Has any one attempted to formulate HTM using the notation of probabilistic graphical models?
I’m interested, because doing so could put HTM on a more firm mathematical grounding. Or at least, this could fruitful, because probability theory has a pretty big tool box for representing, poking, and probing models. So curious to find out if such attempts have been made.
The discussion in the HTM paper “Why Neurons Have Thousands of Synapses, a Theory of Sequence Memory in Neocortex” (Hawkins & Ahmad, 2016) compares HTMs to other models such as Markov chains and estimates an HTMs properties in terms of a sequences of events. The whole discussion is worth reading, but here is a pertinent excerpt:
Network Capacity and Generalization
[…]
The capacity of various forms of sequence memory has been
studied before (Sompolinsky and Kanter, 1986; Riedel et al., 1988;
Leibold and Kempter, 2006). In our model it is straightforward
to obtain an estimate of sequence capacity. Although we refer
to the network model as a “sequence memory,” it is actually a
memory of transitions. There is no representation or concept of
the length of sequences or of the number of stored sequences.

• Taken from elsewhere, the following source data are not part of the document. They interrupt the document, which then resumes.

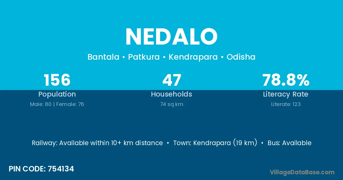 Kendrapara (19 km) is the nearest town to Nedalo village for major economic activities and is located approximately 19 km away.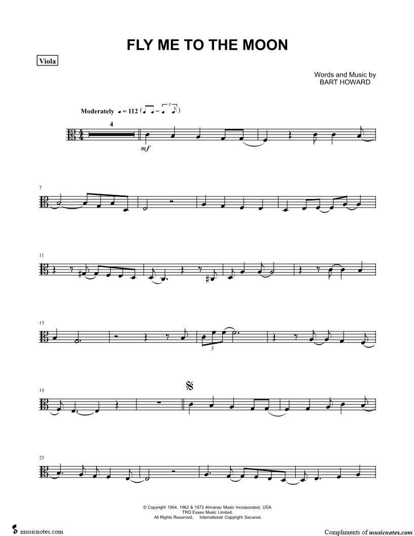 1. Fly Me to the Moon - Viola (click here to preview and play this piece) Performer: Composer: Lyricist: Scored For:Instrumental Solo and Instrumental Part Instrument:Viola, range: C3-A4 Number of pages:2 Click here to purchase this piece separately for $4.99 |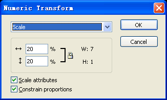 選擇modify(修改)-transform(變形)-numeric transform(數值變形),輸入20,將圖像縮小20%|||

The network only learns transitions between inputs. Therefore,
the capacity of a network is measured by how many transitions a
given network can store. This can be calculated as the product
of the expected duty cycle of an individual neuron (cells per
column/column sparsity) times the number of patterns each
neuron can recognize on its basal dendrites. For example, a
network where 2% of the columns are active, each column has 32
cells, and each cell recognizes 200 patterns on its basal dendrites,
can store approximately 320,000 transitions ((32/0.02) ∗ 200). The
capacity scales linearly with the number of cells per column and
the number of patterns recognized by the basal synapses of each
neuron.
@Bitking That’s a great suggestion. A quick google search and I found some relevant papers. I imagine doing it for HTM would be a more difficult task.

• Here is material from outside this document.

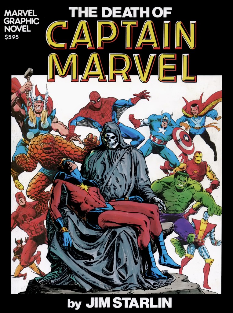 As I posted on my blog a while back, I was just starting to get into comic books in a major way in 1985. I forget what exactly had prompted my nine-year-old self to purchase a copy of The Death of Captain Marvel, but I did. Even though I was totally unfamiliar with the Kree warrior turned cosmic protector Mar-Vell, Jim Starlin had done a superb job of summarizing his life before bringing it to a moving, tragic end in the graphic novel.

@dmac Thanks, I did take a look at the paper. They do mention HMM briefly and make comparisons, but there is no in depth discussion. HMMs are a good example of a model that is captured very well by a graphical model. I wonder if the same can be done for HTM somehow, partly because PGMs make the implicit assumptions in the model about the data explicit. So they are helpful in analyzing models and their biases.

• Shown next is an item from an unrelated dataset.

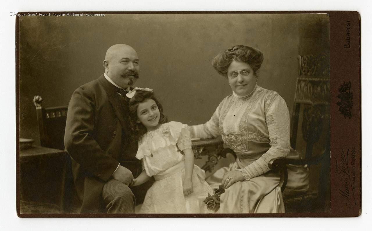 [Ülő férfi és nő, közöttük egy kislány, (nagyszülők és unoka?) műtermi fényképe]

In general are there any works out there that try to analyze HTM theory from a probabilistic perspective?
PGMs have states, and transitions between states. If you look at a picture of a Bayes net, the states are shown as units (circles) with at most one arrow starting at one circle and going to another. If you fed an initial input into HTM and then viewed the columns evolve as a stored sequence plays back from there, .then you would be viewing states that are made of distributed units, and transitions that are made of distributed connections.